■ Exercise prompt: Any picture in the data below gets skipped; print all the rest exactly.

Supplied entries below:

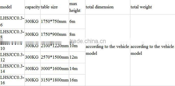 According to the lifting height,the lift can be deviced into 4,6,8,10,12,14,16 meter lifts,equipment capacity is from 300kgs to 500kgs,according to different requirements,it can be mounted onto different vechicles,the lift can be driven by vechicle motor or batteries.
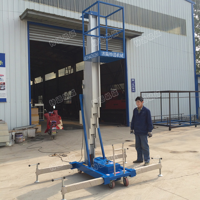 產(chǎn)品介紹:鋁合金式液壓升降平臺采用高強度優(yōu)質(zhì)鋁合金材料,具有造型美觀、體積小、重量輕、運轉靈活,推行方便。升降平穩(wěn)、安全可靠等優(yōu)點。雙柱鋁合金式升降機能穿越一般門廳,可隨意進出電梯,能在極小的空間內(nèi)發(fā)揮最高的舉升能力。使雙人高空作業(yè)變得輕而易舉。且耗電少、無污染、工作時不傷地面,可用于貼墻作業(yè)及探出作業(yè)。鋁合金升降平臺分為單柱、雙柱、三柱和四柱等。
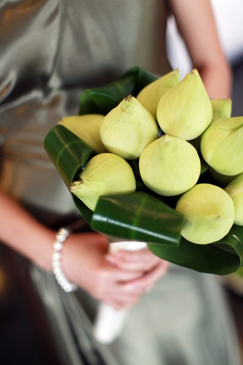 Chọn bó hoa sen làm hoa cầm tay cô dâu hay trang trí tiệc cưới không phải trào lưu quá mới lạ. Khi hoa nhập khẩu bắt đầu trở nên bão hòa, nhiều nàng dâu đã lựa chọn những loại hoa nội thân thuộc như sen, cúc, lay ơn...
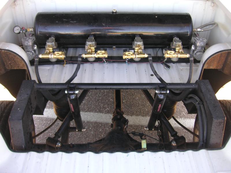 Drop spindles, 8x Ascos, 2x 480's, 5 gal tank, RE-6 (front), RE-7 (back), bags on bars, shocks at all the corners, lower arms triangulated
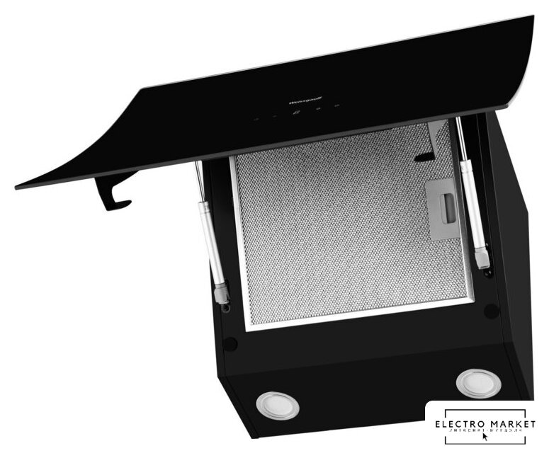 конструкция телескопическая, монтаж для встраивания, ширина 59.5 см, управление механическое/кнопочное, производительность мотора 550 м³/ч, цвет нержавеющая сталь
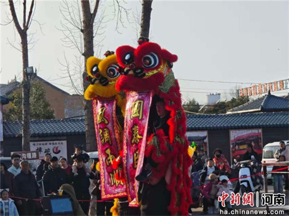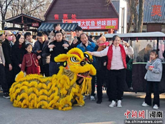 圖為舞獅表演吸引游人拍照打卡。李海珠 攝

End of Supplied entries.

■ Finished exercise:
 According to the lifting height,the lift can be deviced into 4,6,8,10,12,14,16 meter lifts,equipment capacity is from 300kgs to 500kgs,according to different requirements,it can be mounted onto different vechicles,the lift can be driven by vechicle motor or batteries.
 產(chǎn)品介紹:鋁合金式液壓升降平臺采用高強度優(yōu)質(zhì)鋁合金材料,具有造型美觀、體積小、重量輕、運轉靈活,推行方便。升降平穩(wěn)、安全可靠等優(yōu)點。雙柱鋁合金式升降機能穿越一般門廳,可隨意進出電梯,能在極小的空間內(nèi)發(fā)揮最高的舉升能力。使雙人高空作業(yè)變得輕而易舉。且耗電少、無污染、工作時不傷地面,可用于貼墻作業(yè)及探出作業(yè)。鋁合金升降平臺分為單柱、雙柱、三柱和四柱等。
 Chọn bó hoa sen làm hoa cầm tay cô dâu hay trang trí tiệc cưới không phải trào lưu quá mới lạ. Khi hoa nhập khẩu bắt đầu trở nên bão hòa, nhiều nàng dâu đã lựa chọn những loại hoa nội thân thuộc như sen, cúc, lay ơn...
 Drop spindles, 8x Ascos, 2x 480's, 5 gal tank, RE-6 (front), RE-7 (back), bags on bars, shocks at all the corners, lower arms triangulated
 конструкция телескопическая, монтаж для встраивания, ширина 59.5 см, управление механическое/кнопочное, производительность мотора 550 м³/ч, цвет нержавеющая сталь
 圖為舞獅表演吸引游人拍照打卡。李海珠 攝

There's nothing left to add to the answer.